From steam to nuclear: marking Indian Point Park's opening centennial

From the age of steam to the Atomic Age, Indian Point has changed a lot in the past hundred years.

On June 26, 1923, 100 years ago today, Indian Point Park opened. The Hudson River Day Line, which ran charter boats, bought the 320-acre property in Buchanan, realizing that owning and operating a fun park would add to their bottom line.

And day trippers escaping from the hot confines of New York City looking for relief realized Indian Point Park was a destination for just that, and for them, with its picnic, playgrounds and a dance hall. In 1929, a swimming pool and later amusement rides would follow.

Indian Point Park, built by the Hudson River Day Line Company to compete with Bear Mountain, had picnic grounds, playgrounds, walking trails and a dance hall. A large pool was added in 1929.
Indian Point Park, built by the Hudson River Day Line Company to compete with Bear Mountain, had picnic grounds, playgrounds, walking trails and a dance hall. A large pool was added in 1929.

Fast-forward to the 1940s and America's love of the automobile. People would go elsewhere other than Indian Point Park, and didn't need to rely on the Hudson River Day Line to get there either. It went out of business in 1948, sectioned, and auctioned the following year. Emanuel Kelmans bought 52 acres and reopened the park in 1950.

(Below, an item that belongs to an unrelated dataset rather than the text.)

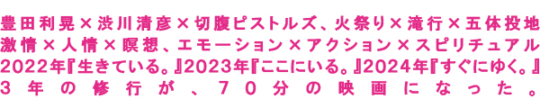 豊田利晃の人生の修行。その修行の映画というか映画の修行は、火の粉をかぶったり、階段を全力で駆けあがったり、冷たい滝にうたれたり、地面を這いつくばったり、足を踏みはずしたら死んでしまうようなとこにいたり。やる前は意気揚々とした心持ちで、「豊田の世界で暴れてやる!」なんて想像するが、いざ現場に入るとつらく大変な事が多く、早く終えて酒でも飲んでゆっくりしたいなんて思ったりもするが、まだこの修行のようなことをやりたいと想う自分もいるし、いつまでやるのかと想う自分もいる。ただ、ひとついえるのは、豊田さんとの人生の旅のような祭りのようなものは続けていきたいし続けていく。そしていずれは横に寝そべっている物語『横になる。』でしめる。

But the reborn full-fledged amusement park, with rides, arcades and concessions would last less than a decade. According to "Lost Amusement Parks of the Hudson Valley" by Wesley Gottlock and Barbara H. Gottlock, owner Emanuel Kelmans tired of running the seasonal business and sold it to Consolidated Edison in 1954. Con Ed was looking for property for a new power plant to meet the electricity demands of New York City − a plant originally intended to be either coal or oil burning. (The Indian Point power plant eventually occupied 239 acres.) Kelmans was allowed to hold events at Indian Point Park for two more years.

According to the Nuclear Regulatory Commission's history of the Indian Point Nuclear Power plants, the Atomic Energy Commission (whose regulatory functions went to the NRC upon the AEC's abolishment in 1975) didn't have any siting criteria for nuclear power plants. The first Indian Point nuclear plant was thus approved in 1955 despite being on an active earthquake line and being 24 miles away from New York City.

Not a chance: Indian Point shutdown was supposed to quiet anti-nuclear critics.

In 1962, Indian Point 1 was brought online. Four years later, a construction permit was issued for Indian Point 2 and that nuclear plant was brought online in 1973. It had been planned that the second plant be operational by 1969.

The last Indian Point plant was brought online in 1976. Three years after that, the Union of Concerned Scientists, the New York Public Interest Research Group and the WESPAC Foundation petitioned the NRC to decommission Indian Point 1 and to suspend operations at Indian Point 2 and 3 "citing over 60 unresolved safety deficiencies, including problem in plant design."

In the years that followed, Riverkeeper, the Hudson River environmental group, spearheaded several legal challenges against the plant.

In 2017, former Gov. Andrew Cuomo's administration brokered a deal with Entergy (which bought Indian Point reactors 2 and 3 in 2001), which led to what is now known as the Indian Point Energy Center's shutdown, with Cuomo citing fears of a nuclear mishap.

That shutdown happened in 2021. The cessation came also at a time when it was becoming more difficult for nuclear power to compete in an energy market flooded with cheap natural gas.

Related: Fossil fuel-burning plants cover power gaps. But they're foiling NY's clean energy plans.

Indian Point is currently undergoing decommissioning. Holtec International, a New Jersey-based decommissioning firm which owns the plant, plans to demolish the plant’s three reactors and other buildings. Holtec said it will take up to 15 years from the time of the sale - or by 2033 - to finish the job.

And with the decommissioning comes the presence of spent nuclear fuel in cement-and-steel canisters. That has left limited opportunities to redevelop the 240-acre Indian Point property along the shores of the Hudson River. Efforts to find a permanent underground repository for the nation’s nuclear waste have been unsuccessful.